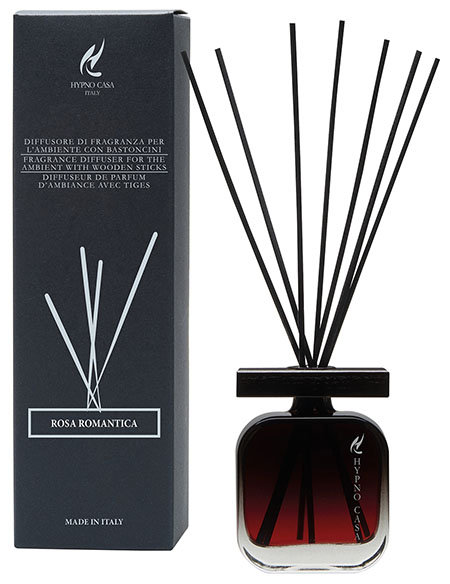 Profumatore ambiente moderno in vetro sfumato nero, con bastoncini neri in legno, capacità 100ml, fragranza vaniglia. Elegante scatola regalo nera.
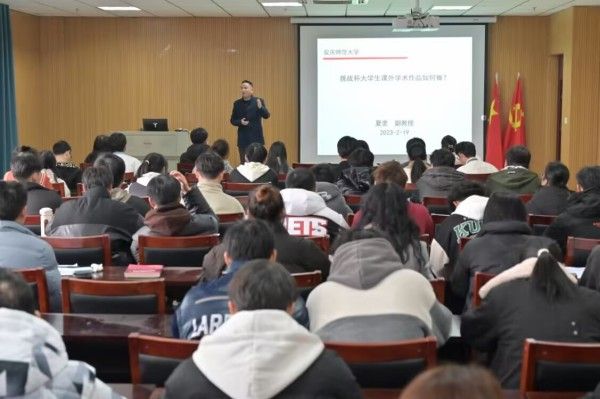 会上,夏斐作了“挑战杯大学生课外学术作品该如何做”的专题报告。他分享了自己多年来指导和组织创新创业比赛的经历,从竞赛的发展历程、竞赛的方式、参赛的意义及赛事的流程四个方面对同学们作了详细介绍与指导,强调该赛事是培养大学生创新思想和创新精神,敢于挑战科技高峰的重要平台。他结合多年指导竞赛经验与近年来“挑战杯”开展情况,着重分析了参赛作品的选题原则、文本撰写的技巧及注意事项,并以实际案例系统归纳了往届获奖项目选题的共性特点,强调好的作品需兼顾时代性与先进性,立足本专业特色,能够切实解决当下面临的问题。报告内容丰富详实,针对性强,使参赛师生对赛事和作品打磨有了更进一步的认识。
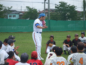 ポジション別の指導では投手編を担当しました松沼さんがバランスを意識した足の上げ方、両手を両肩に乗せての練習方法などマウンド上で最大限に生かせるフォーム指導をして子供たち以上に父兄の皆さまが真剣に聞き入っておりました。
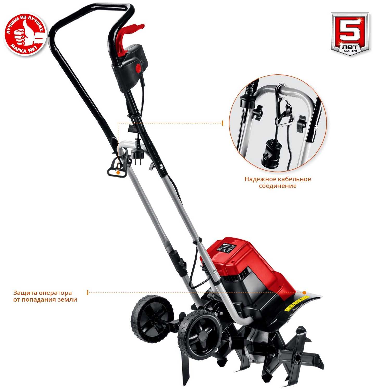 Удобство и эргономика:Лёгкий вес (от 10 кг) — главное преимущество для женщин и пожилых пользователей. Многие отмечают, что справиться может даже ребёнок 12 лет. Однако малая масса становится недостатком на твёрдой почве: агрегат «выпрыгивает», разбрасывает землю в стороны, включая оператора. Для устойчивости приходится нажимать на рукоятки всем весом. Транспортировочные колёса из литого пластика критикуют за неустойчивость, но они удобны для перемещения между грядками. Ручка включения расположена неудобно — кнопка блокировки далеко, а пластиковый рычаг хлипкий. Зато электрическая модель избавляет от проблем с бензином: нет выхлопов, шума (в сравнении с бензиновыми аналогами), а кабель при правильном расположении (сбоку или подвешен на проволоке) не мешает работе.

==

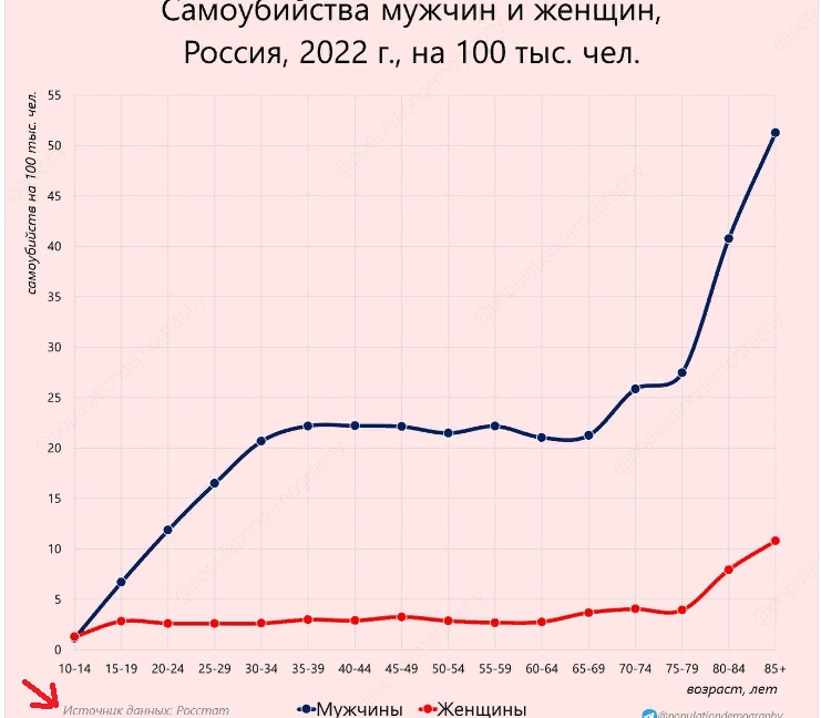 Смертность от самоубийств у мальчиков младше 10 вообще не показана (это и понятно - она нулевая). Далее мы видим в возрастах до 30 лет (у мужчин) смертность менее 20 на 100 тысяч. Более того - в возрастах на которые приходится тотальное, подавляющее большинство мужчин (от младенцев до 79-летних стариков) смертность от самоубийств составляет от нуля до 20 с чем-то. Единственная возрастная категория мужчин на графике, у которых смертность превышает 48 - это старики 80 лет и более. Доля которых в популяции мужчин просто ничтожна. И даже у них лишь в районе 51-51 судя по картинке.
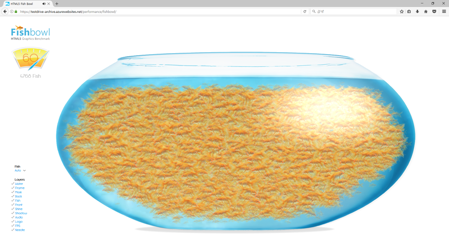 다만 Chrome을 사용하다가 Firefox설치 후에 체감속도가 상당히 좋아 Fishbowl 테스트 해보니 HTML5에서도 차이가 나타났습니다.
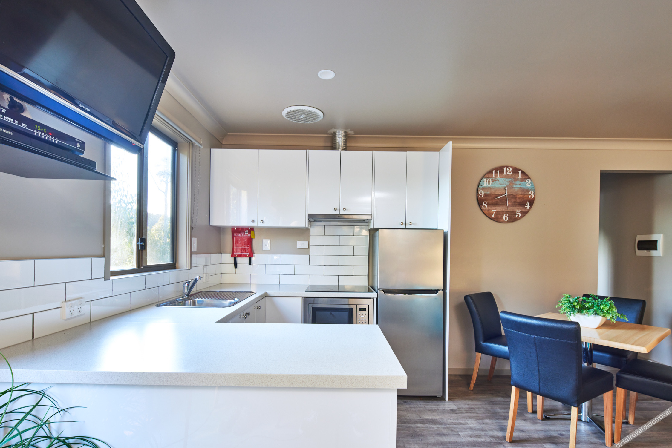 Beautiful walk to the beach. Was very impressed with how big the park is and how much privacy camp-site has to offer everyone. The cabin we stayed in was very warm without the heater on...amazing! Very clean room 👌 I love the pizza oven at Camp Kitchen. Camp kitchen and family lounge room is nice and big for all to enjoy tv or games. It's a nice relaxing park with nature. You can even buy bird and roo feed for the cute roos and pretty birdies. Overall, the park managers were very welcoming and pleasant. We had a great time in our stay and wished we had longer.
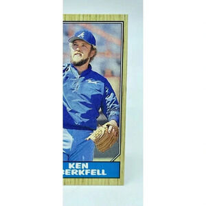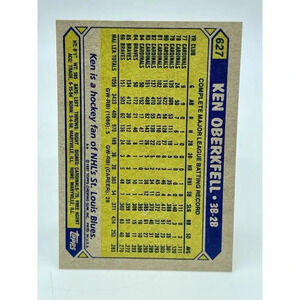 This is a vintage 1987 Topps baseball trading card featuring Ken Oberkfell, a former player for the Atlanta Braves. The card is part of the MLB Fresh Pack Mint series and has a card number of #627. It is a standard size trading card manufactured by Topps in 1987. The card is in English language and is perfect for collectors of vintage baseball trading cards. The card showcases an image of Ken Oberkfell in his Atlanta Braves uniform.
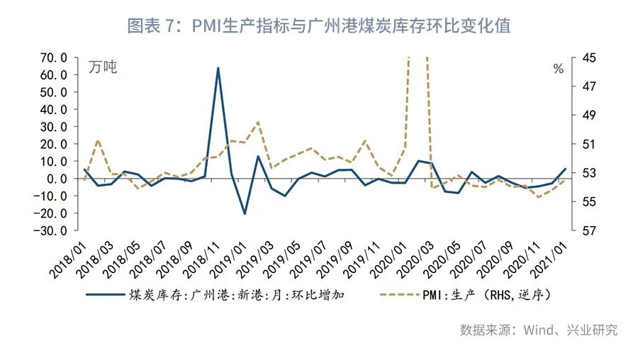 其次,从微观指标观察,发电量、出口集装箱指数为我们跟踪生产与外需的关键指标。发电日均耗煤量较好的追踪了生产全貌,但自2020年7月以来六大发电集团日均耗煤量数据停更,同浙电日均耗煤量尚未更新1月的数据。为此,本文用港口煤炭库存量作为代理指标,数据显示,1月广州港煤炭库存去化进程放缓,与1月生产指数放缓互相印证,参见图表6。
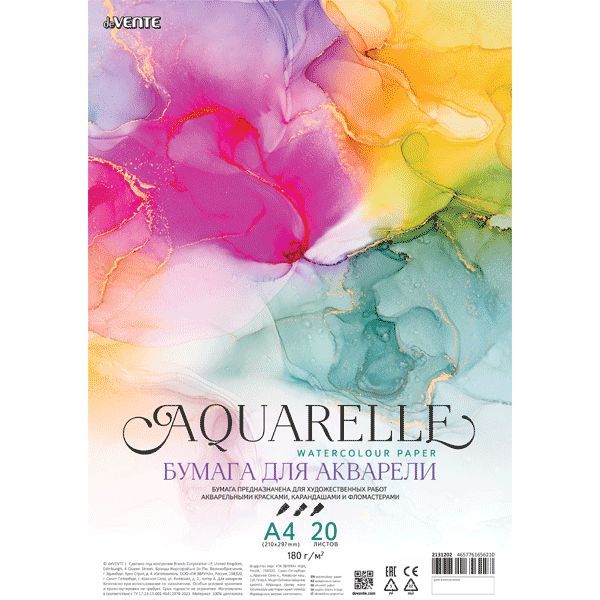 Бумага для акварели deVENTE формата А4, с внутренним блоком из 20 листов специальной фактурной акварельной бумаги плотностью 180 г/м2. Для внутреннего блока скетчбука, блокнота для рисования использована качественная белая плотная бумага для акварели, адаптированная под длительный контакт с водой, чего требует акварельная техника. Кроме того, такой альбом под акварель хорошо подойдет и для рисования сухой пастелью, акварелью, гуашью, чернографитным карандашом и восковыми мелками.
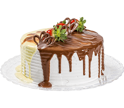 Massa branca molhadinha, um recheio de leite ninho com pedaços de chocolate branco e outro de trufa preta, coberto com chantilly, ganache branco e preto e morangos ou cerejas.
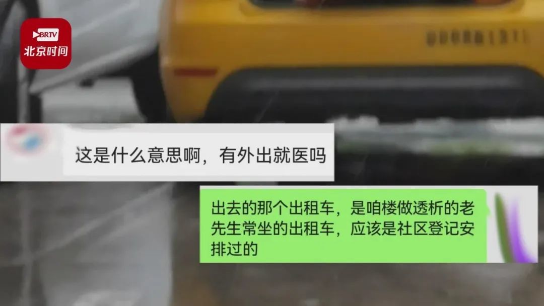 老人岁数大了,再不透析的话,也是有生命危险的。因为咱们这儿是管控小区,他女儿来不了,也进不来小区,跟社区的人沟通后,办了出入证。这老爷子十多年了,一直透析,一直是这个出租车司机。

---

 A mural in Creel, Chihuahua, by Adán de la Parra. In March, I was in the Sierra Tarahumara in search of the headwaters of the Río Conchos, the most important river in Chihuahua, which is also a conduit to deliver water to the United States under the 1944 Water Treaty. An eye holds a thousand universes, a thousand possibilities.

• HOW TO COMPLETE THIS TASK
Among the entries above, copy exactly the stretch from the line holding "Profumatore ambiente moderno" through the line holding "ポジション別の指導では投手編", leaving out any pictures.

• WRITTEN SOLUTION
 Profumatore ambiente moderno in vetro sfumato nero, con bastoncini neri in legno, capacità 100ml, fragranza vaniglia. Elegante scatola regalo nera.
 会上,夏斐作了“挑战杯大学生课外学术作品该如何做”的专题报告。他分享了自己多年来指导和组织创新创业比赛的经历,从竞赛的发展历程、竞赛的方式、参赛的意义及赛事的流程四个方面对同学们作了详细介绍与指导,强调该赛事是培养大学生创新思想和创新精神,敢于挑战科技高峰的重要平台。他结合多年指导竞赛经验与近年来“挑战杯”开展情况,着重分析了参赛作品的选题原则、文本撰写的技巧及注意事项,并以实际案例系统归纳了往届获奖项目选题的共性特点,强调好的作品需兼顾时代性与先进性,立足本专业特色,能够切实解决当下面临的问题。报告内容丰富详实,针对性强,使参赛师生对赛事和作品打磨有了更进一步的认识。
 ポジション別の指導では投手編を担当しました松沼さんがバランスを意識した足の上げ方、両手を両肩に乗せての練習方法などマウンド上で最大限に生かせるフォーム指導をして子供たち以上に父兄の皆さまが真剣に聞き入っておりました。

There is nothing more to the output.